The Adults are a somewhat more serious proposition with three highly successful New Zealand songwriters/front-people in Jon Toogood (Shihad), Shayne Carter (Straitjacket Fits/Dimmer) and Julia Deans (Fur Patrol). Essentially Toogood’s solo project he was prudent to gather a large group of collaborators for the album and then narrowed it down to Carter and Deans for the live show.

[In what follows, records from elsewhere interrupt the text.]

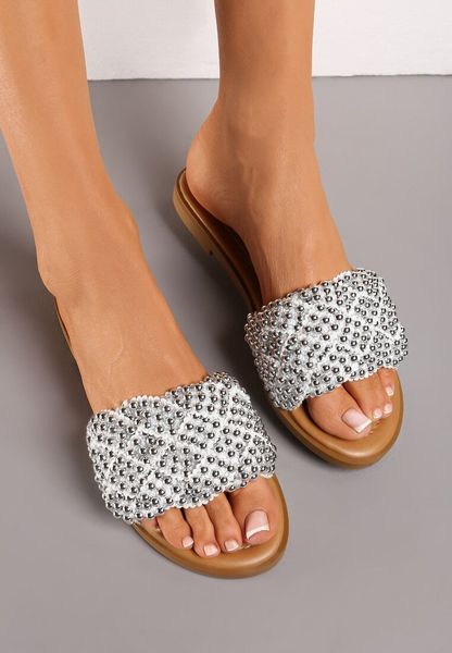 Białe Płaskie Klapki z Elegancką Plecionką z Koralików Waldase
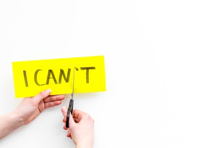 I can concept. Motivate yourself, believe in yourself. Hand cut off the letter t of written word I cant by scissors. White background top view copy space
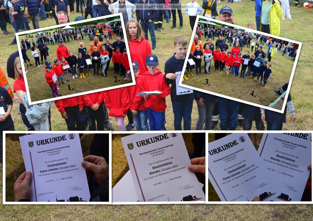 Kinderfeuerwehr: 1. Blender Gelb, 2. Thedinghausen rot, 3. Thedinghausen blau, 4. Blender grün.
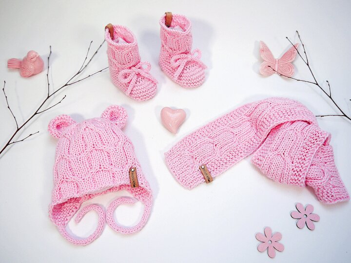 Your baby will always be perfectly dressed with this lovely set of booties, a bonnet and a scarf. Its design with the cute bear ears on the bonnet and the pattern itself not only beautiful, but useful as well. The earflaps and the ribbon keep the bonnet in the right position to keep your sweetheart cozy and warm.
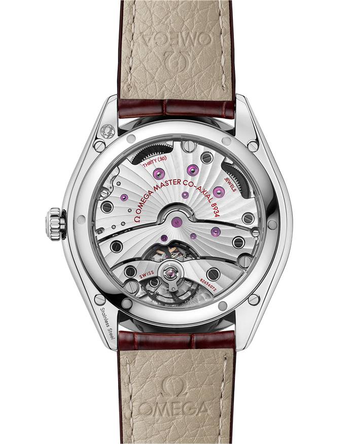 Monté sur un bracelet en cuir bordeaux, ce modèle est doté d’un boîtier de 40mm en acier inoxydable poli et d’une lunette pavée de 72diamants taille pleine. Le cadran bombé bordeaux comprend un affichage de la réserve de marche à 12heures, un guichet pour la petite seconde à 6heures ainsi que des aiguilles et des index bombés en or blanc 18K.
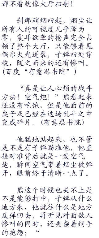 这仿佛是一个号令,大厅迅速涌入数十人,每个人手里都有热武器,他们似乎完全不在乎自己能不能打中,甚至不在乎是不是会伤到自己人,看
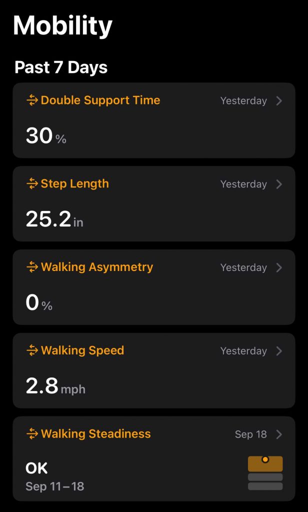 Apple offers this feature on iPhone 8 or later updated to iOS 15 and above. Whenever you walk with your iPhone, your phone tracks your mobility metrics, including your walking speed, step length, double support time, and walking asymmetry.
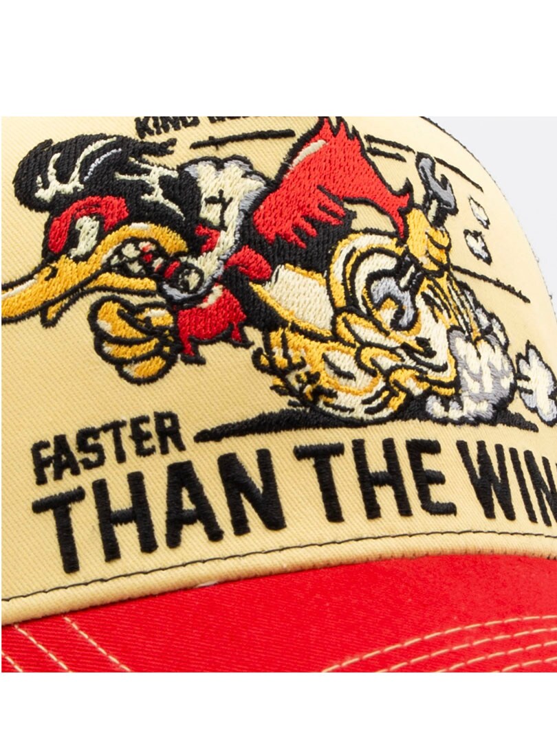 Stilig caps med rød skjerm som gir et tydelig fargeutsagn. Den beige frontpanelen skaper en retrofølelse, og den svarte mesh-baksiden tilfører den perfekte dosen kulhet. Fronten er designet med brodert trykk foran med teksten «Faster Than The Wind». Takket være det luftige mesh-materialet og den justerbare snapback-lukningen sitter caps alltid komfortabelt.
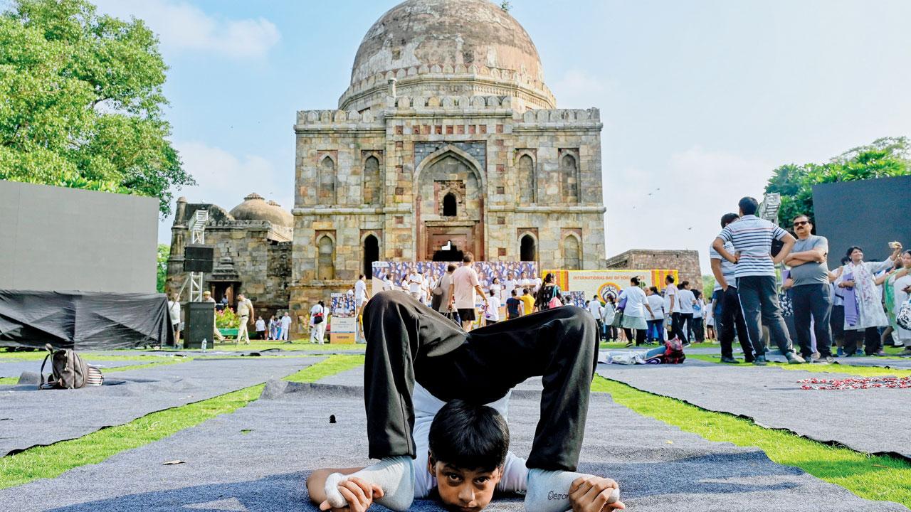 દિલ્હીમાં લોધી ગાર્ડનમાં યોગ કરતો છોકરો.
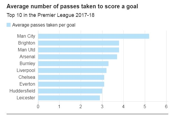 แมนฯ ซิตี้ ผ่านบอลเฉลี่ย 5.2 ครั้งต่อ 1 ประตูที่ทำได้
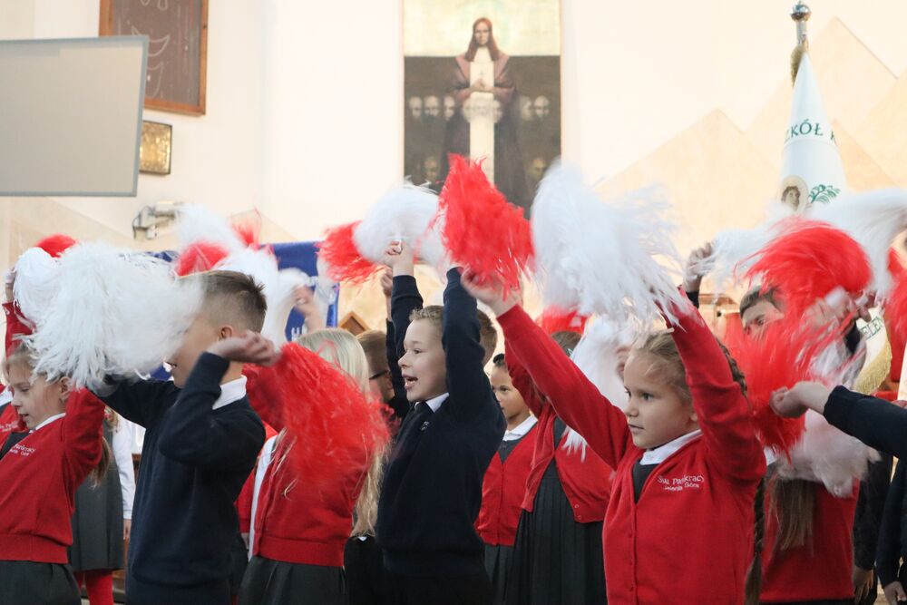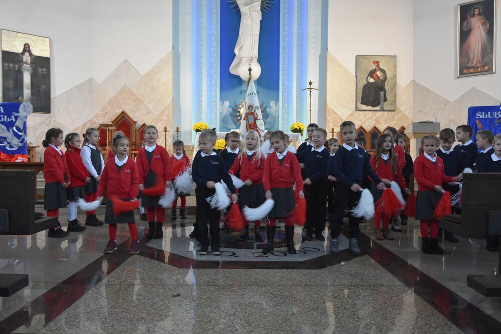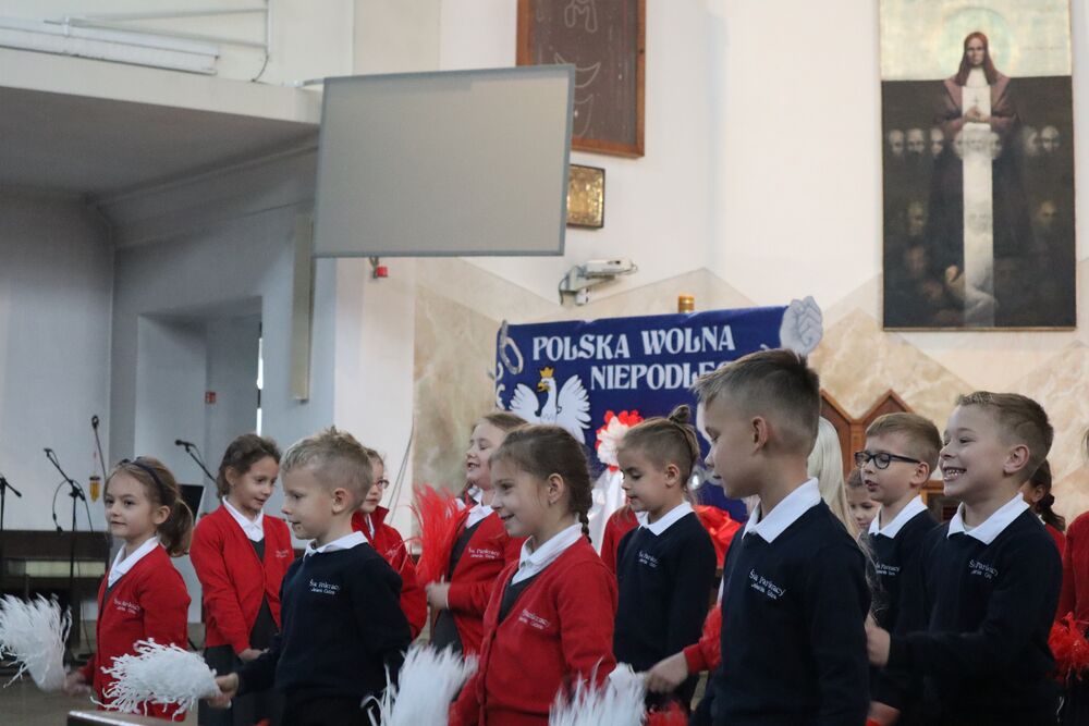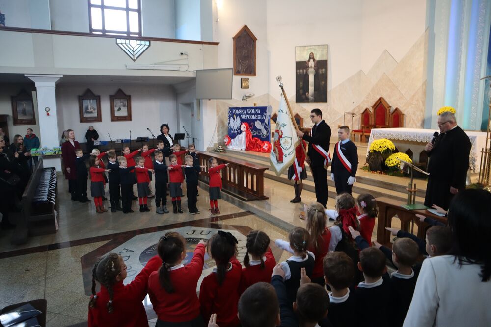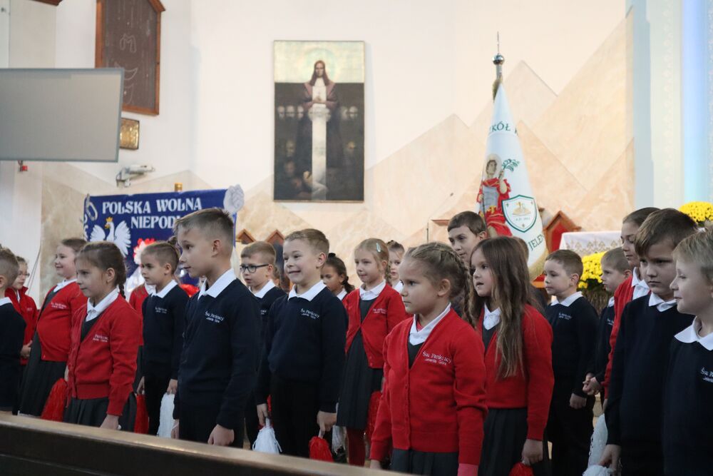 11.11.2024 o godz. 11:00 rozpoczęła się uroczyta Msza Święta w intencji naszej Ojczyzny. Po Eucharystii wszyscy odśpiewaliśmy hymn, a następnie miał miejsce patriotyczny program artystyczny przygotowany przez pierwoszklasistów.

Sans drums (prerecorded tracks were used) they quickly showed their versatility as players, switching between guitar, bass and keyboards as tracks required. The overwhelming and binding theme of The Adults sound is dark and often brooding pop music. Many of the songs were built on droning guitar and synth lines allowing the trio to layer the vocals on top of rather than within the music. At times Toogood hasn’t strayed far from his Shihad songwriting, especially on a song like the surging One Million Ways. The best moments of their generous hour+ set were the uber catchy A Part Of Me with its New Order rhythmic approach and the brilliant single Nothing To Lose. Deans replicated the vocals of Ladi6 exceptionally well while Toogood relished his chance to lock down a two note krautrock bass groove. Carter was given the room to create some widescreen textures over the top of it all – twisting his body into all manner of shapes to squeeze the notes out.

The trio appeared to be having a blast together on stage, even the aloof Carter allowed a smile or two while Toogood was his usual effusive and grateful self – thanking the crowd, employing dance moves to rival Thom Yorke and showing that he is still passionately living, breathing and exploring music.